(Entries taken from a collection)
==============================

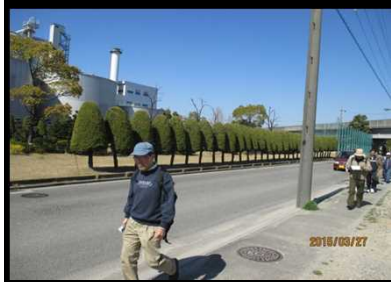
2035 麒麟ビール工場を出て
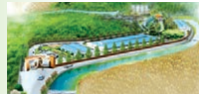
■石花釀酒公司中國生態白酒莊園全景

2008年，全國白酒開始新一輪漲價風潮。霸王醉通過新品開發，形成了科學合理的梯度價格體系，直接將競爭焦點上升到800元至1600元的價格區間。同時，積極宣導少喝、小杯喝的健康飲酒概念，推出了一盒兩支分別為半斤裝的新品「典藏」，並隨盒附送霸王醉專屬酒具，還創造了初嚐霸王醉的「三口喝法」，強調其獨特的飲用體驗感。
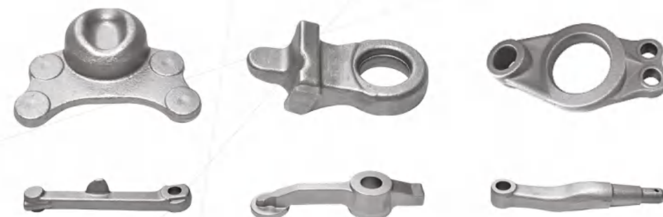
电梯配件 Elevator accessories
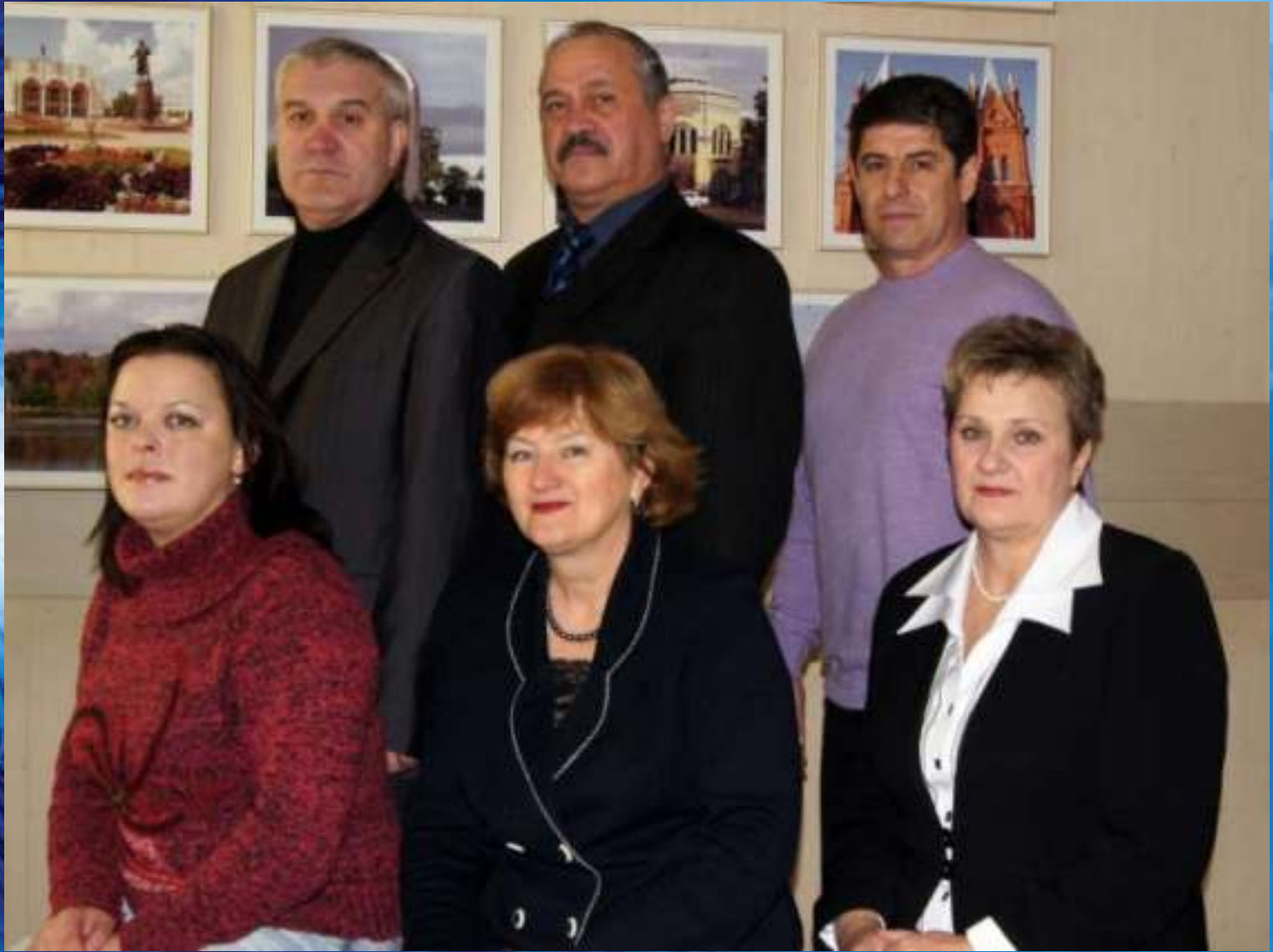
Кафедра преподавателей физического воспитания
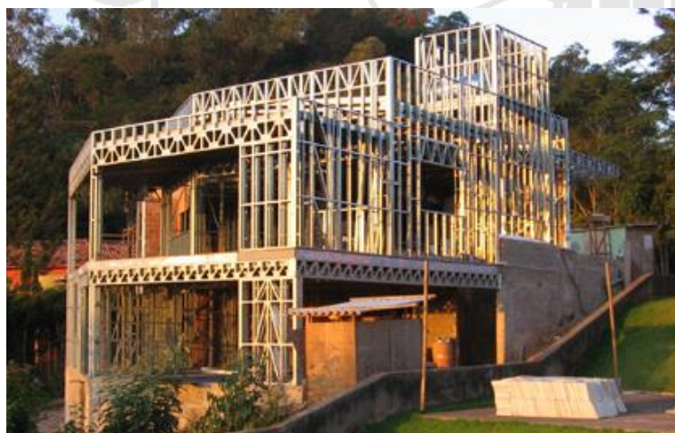
Figura 1 - Sistema estrutural de uma residência em LSF

O LSF é um método construtivo de concepção racional, que tem como característica uma estrutura constituída por perfis formados a frio de aço galvanizado (FREITAS; CRASTO, 2006).
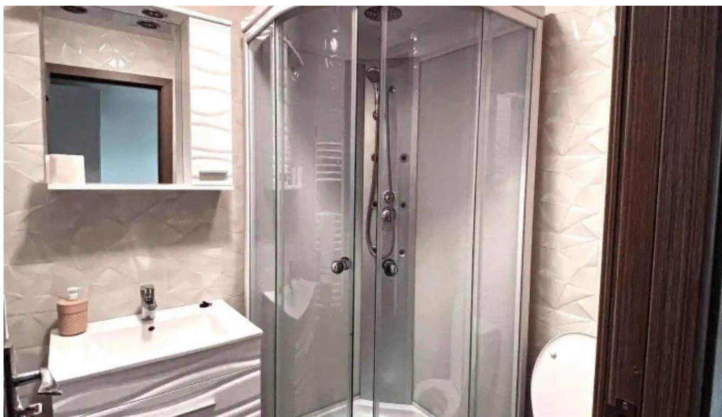
Casa irina de la proprietar

==============================

_Activity_:
When you reproduce the data shown above, keep each line exact and omit every picture.

_Task response_:
2035 麒麟ビール工場を出て
■石花釀酒公司中國生態白酒莊園全景

2008年，全國白酒開始新一輪漲價風潮。霸王醉通過新品開發，形成了科學合理的梯度價格體系，直接將競爭焦點上升到800元至1600元的價格區間。同時，積極宣導少喝、小杯喝的健康飲酒概念，推出了一盒兩支分別為半斤裝的新品「典藏」，並隨盒附送霸王醉專屬酒具，還創造了初嚐霸王醉的「三口喝法」，強調其獨特的飲用體驗感。
电梯配件 Elevator accessories
Кафедра преподавателей физического воспитания
Figura 1 - Sistema estrutural de uma residência em LSF

O LSF é um método construtivo de concepção racional, que tem como característica uma estrutura constituída por perfis formados a frio de aço galvanizado (FREITAS; CRASTO, 2006).
Casa irina de la proprietar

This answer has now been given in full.